- [Exercise aim] Your answer should consist only of the lines below from the one with "2014年、2015年和20" through the one with "Bernard a repérer", copied exactly.

- [Data for review]
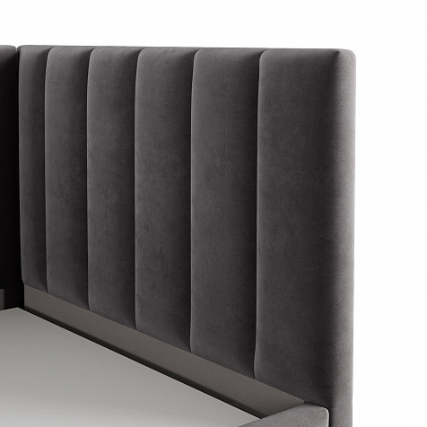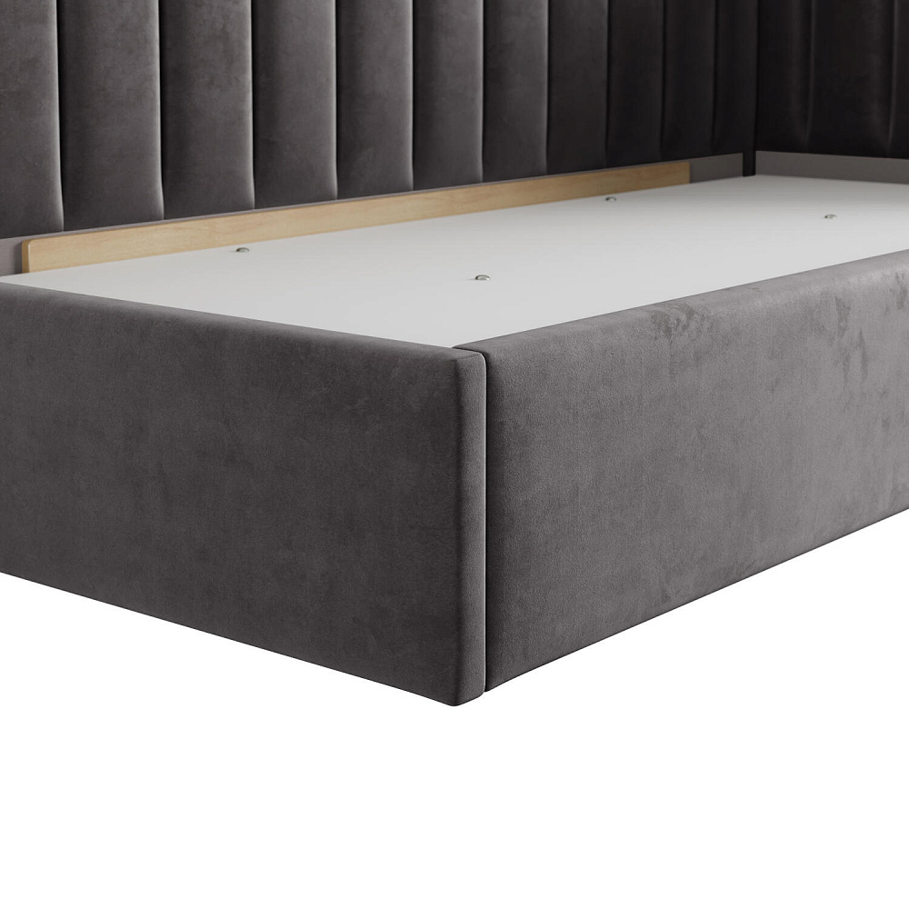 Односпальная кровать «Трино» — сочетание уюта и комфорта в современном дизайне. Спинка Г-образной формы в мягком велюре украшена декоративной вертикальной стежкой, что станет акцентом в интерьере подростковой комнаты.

...

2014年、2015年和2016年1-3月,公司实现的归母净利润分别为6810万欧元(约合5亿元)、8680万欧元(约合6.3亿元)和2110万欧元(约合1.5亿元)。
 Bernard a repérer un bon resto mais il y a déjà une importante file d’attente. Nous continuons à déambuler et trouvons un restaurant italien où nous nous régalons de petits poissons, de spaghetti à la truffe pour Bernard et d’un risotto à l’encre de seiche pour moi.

- [Response box]
2014年、2015年和2016年1-3月,公司实现的归母净利润分别为6810万欧元(约合5亿元)、8680万欧元(约合6.3亿元)和2110万欧元(约合1.5亿元)。
 Bernard a repérer un bon resto mais il y a déjà une importante file d’attente. Nous continuons à déambuler et trouvons un restaurant italien où nous nous régalons de petits poissons, de spaghetti à la truffe pour Bernard et d’un risotto à l’encre de seiche pour moi.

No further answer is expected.